Generate structured JSON data for 5 columns with 3–5 values each
Flatten that data into a single text blob
Infer meaningful column names via a second AI call
Pivot, split, merge, and rename columns automatically
Output a clean, labeled dataset ready for export or further processing

⚙️ Prerequisites

OpenAI API Key
Visit: https://platform.openai.com/account/api-keys
Create a new key
In n8n: Credentials → New → OpenAI API, paste key, name it “OpenAi account”

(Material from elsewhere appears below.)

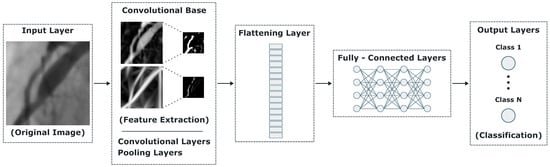 The problem has been also addressed by the use of deep learning techniques, which are a completely different approach when compared with manual feature extraction and machine learning techniques. The use of convolutional neural networks (CNN) for coronary stenosis detection and classification is the most common approach reported in deep learning-related literature [9,10]. One of main drawbacks of using traditional CNN architectures is the need for large image databases. This commonly leads to the use of highly complex CNN architectures, which could decrease its performance in terms of accuracy when small image databases are used for object detection or classification tasks [11]. To overcome the disadvantages of work with small image databases, the use of data augmentation and transfer learning techniques has been applied successfully. Despite the gains in classification accuracy provided by data augmentation, the absence of novel, empirical datasets poses challenges for clinical adoption [12,13]. In addition, as CNN architectural complexity increases, the difficulty of identifying the specific components most critical to the classification task scales accordingly [14].

LangChain nodes enabled in your n8n instance

🥇 Step 1: Set Up OpenAI Credential
Go to OpenAI API Keys
Create and copy your key
In n8n: Credentials → New → OpenAI API → paste key as “OpenAi account”

🥈 Step 2: Manual Trigger
Add Manual Trigger to start the workflow

🥉 Step 3: Set Topic
Add a Set node named Set Topic to Search
Field: Topic = n8n use cases (or any topic you choose)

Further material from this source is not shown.